_TASK REQUIREMENTS_
Would you restate the entries below word for word, leaving out the images?

[DATA EXTRACTS Boundary: Start]

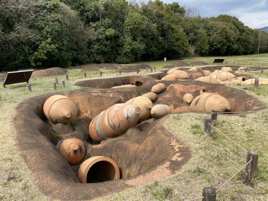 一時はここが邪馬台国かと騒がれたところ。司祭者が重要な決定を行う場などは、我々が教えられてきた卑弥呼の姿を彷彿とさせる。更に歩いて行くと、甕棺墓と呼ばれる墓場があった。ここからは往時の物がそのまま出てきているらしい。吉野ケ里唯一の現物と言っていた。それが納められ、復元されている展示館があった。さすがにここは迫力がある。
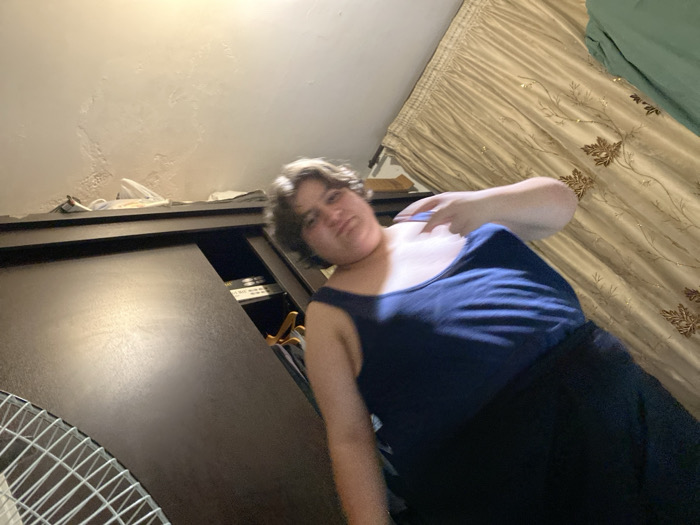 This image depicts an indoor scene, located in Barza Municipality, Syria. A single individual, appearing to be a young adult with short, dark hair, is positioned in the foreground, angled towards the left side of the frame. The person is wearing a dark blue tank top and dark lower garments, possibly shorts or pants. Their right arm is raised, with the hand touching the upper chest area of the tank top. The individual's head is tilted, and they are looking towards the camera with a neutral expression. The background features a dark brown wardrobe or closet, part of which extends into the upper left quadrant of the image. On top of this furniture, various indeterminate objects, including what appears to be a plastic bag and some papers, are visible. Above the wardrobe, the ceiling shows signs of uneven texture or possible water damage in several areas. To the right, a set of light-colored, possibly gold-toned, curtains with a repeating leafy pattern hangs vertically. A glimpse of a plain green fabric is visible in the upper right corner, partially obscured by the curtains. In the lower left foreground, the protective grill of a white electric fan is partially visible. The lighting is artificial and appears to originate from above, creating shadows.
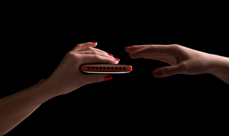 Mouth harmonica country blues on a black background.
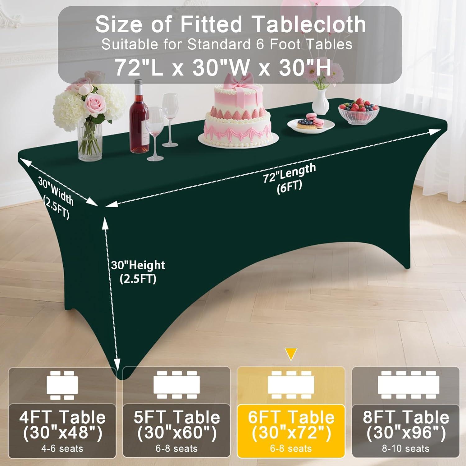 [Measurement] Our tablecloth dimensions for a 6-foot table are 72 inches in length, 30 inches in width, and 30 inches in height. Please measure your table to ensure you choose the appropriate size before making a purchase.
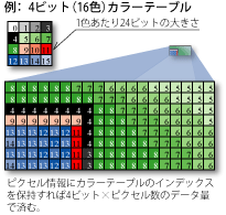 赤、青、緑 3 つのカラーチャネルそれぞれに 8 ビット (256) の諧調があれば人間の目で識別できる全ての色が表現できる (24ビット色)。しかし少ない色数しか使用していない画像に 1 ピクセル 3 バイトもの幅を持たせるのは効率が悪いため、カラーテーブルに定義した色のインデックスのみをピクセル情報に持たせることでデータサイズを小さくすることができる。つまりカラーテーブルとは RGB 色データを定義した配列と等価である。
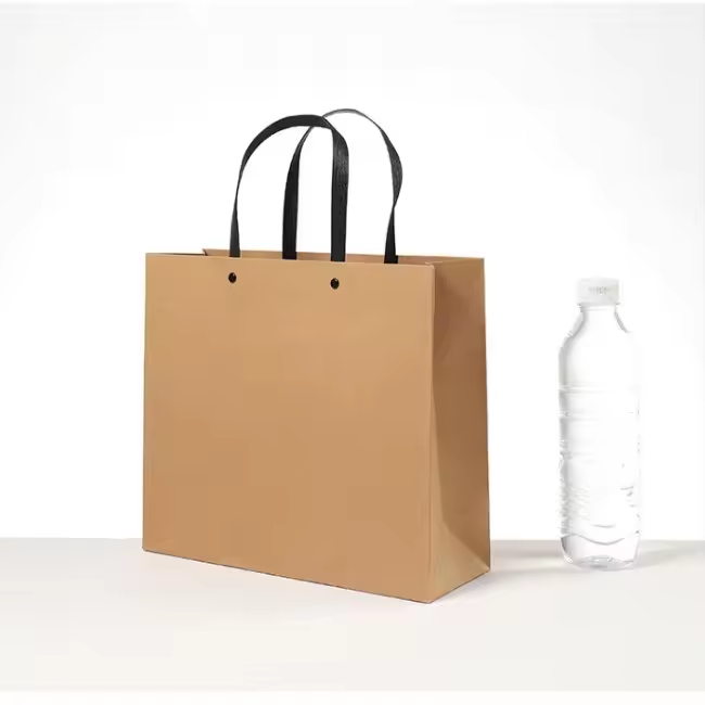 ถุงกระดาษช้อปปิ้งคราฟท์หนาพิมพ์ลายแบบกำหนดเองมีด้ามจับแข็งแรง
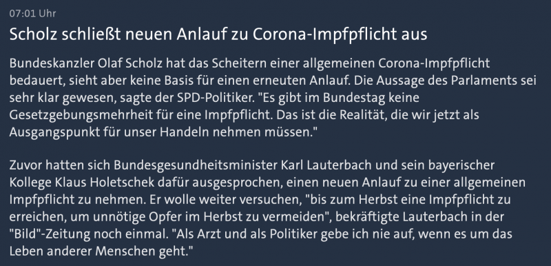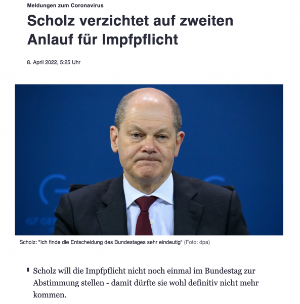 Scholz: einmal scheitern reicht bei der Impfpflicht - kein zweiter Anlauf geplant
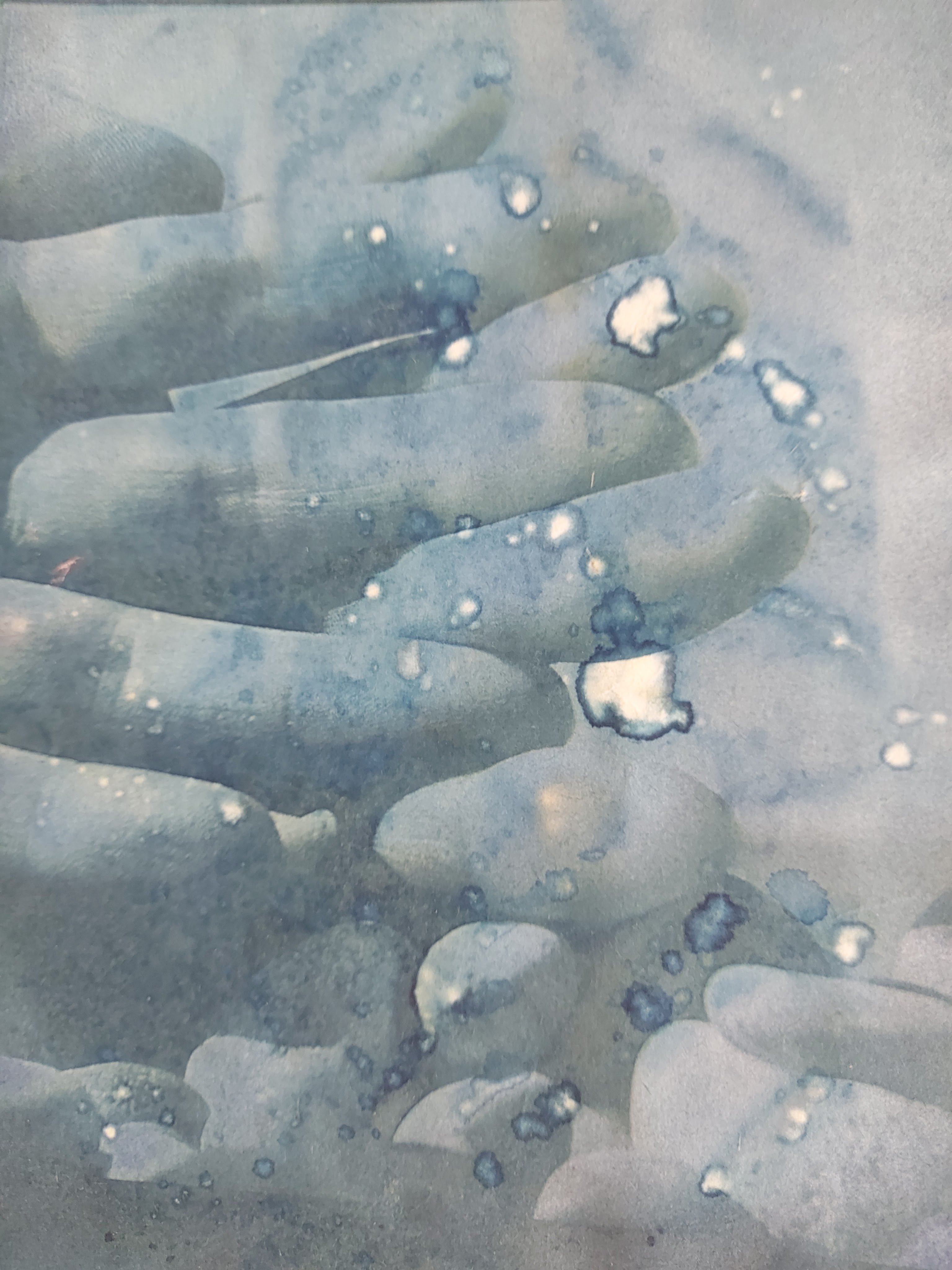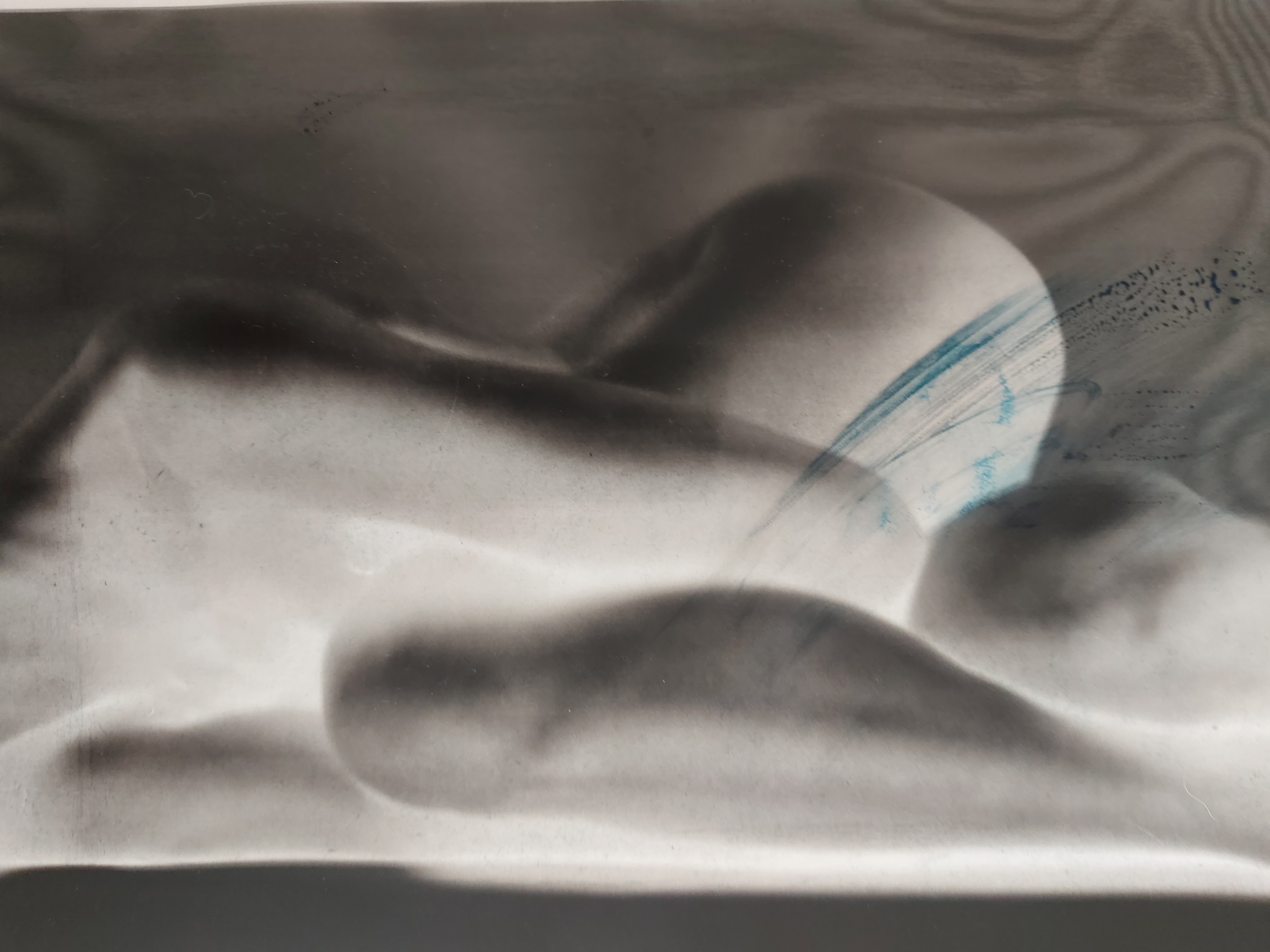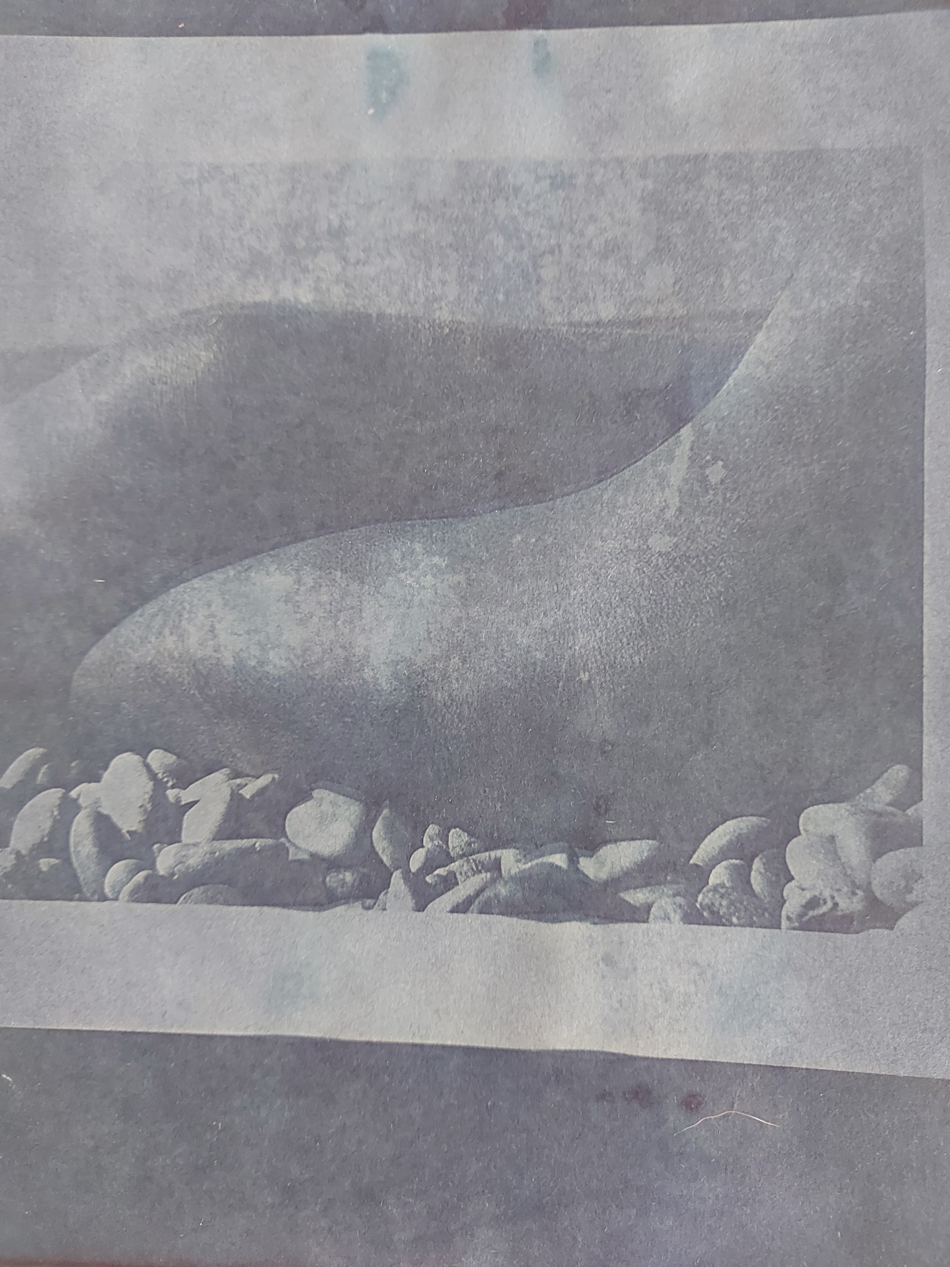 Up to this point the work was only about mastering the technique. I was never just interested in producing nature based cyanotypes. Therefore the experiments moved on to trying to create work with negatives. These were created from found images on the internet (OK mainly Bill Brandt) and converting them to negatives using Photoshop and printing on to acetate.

[DATA EXTRACTS Boundary: End]

_PROBLEM SOLUTION_
 一時はここが邪馬台国かと騒がれたところ。司祭者が重要な決定を行う場などは、我々が教えられてきた卑弥呼の姿を彷彿とさせる。更に歩いて行くと、甕棺墓と呼ばれる墓場があった。ここからは往時の物がそのまま出てきているらしい。吉野ケ里唯一の現物と言っていた。それが納められ、復元されている展示館があった。さすがにここは迫力がある。
 This image depicts an indoor scene, located in Barza Municipality, Syria. A single individual, appearing to be a young adult with short, dark hair, is positioned in the foreground, angled towards the left side of the frame. The person is wearing a dark blue tank top and dark lower garments, possibly shorts or pants. Their right arm is raised, with the hand touching the upper chest area of the tank top. The individual's head is tilted, and they are looking towards the camera with a neutral expression. The background features a dark brown wardrobe or closet, part of which extends into the upper left quadrant of the image. On top of this furniture, various indeterminate objects, including what appears to be a plastic bag and some papers, are visible. Above the wardrobe, the ceiling shows signs of uneven texture or possible water damage in several areas. To the right, a set of light-colored, possibly gold-toned, curtains with a repeating leafy pattern hangs vertically. A glimpse of a plain green fabric is visible in the upper right corner, partially obscured by the curtains. In the lower left foreground, the protective grill of a white electric fan is partially visible. The lighting is artificial and appears to originate from above, creating shadows.
 Mouth harmonica country blues on a black background.
 [Measurement] Our tablecloth dimensions for a 6-foot table are 72 inches in length, 30 inches in width, and 30 inches in height. Please measure your table to ensure you choose the appropriate size before making a purchase.
 赤、青、緑 3 つのカラーチャネルそれぞれに 8 ビット (256) の諧調があれば人間の目で識別できる全ての色が表現できる (24ビット色)。しかし少ない色数しか使用していない画像に 1 ピクセル 3 バイトもの幅を持たせるのは効率が悪いため、カラーテーブルに定義した色のインデックスのみをピクセル情報に持たせることでデータサイズを小さくすることができる。つまりカラーテーブルとは RGB 色データを定義した配列と等価である。
 ถุงกระดาษช้อปปิ้งคราฟท์หนาพิมพ์ลายแบบกำหนดเองมีด้ามจับแข็งแรง
 Scholz: einmal scheitern reicht bei der Impfpflicht - kein zweiter Anlauf geplant
 Up to this point the work was only about mastering the technique. I was never just interested in producing nature based cyanotypes. Therefore the experiments moved on to trying to create work with negatives. These were created from found images on the internet (OK mainly Bill Brandt) and converting them to negatives using Photoshop and printing on to acetate.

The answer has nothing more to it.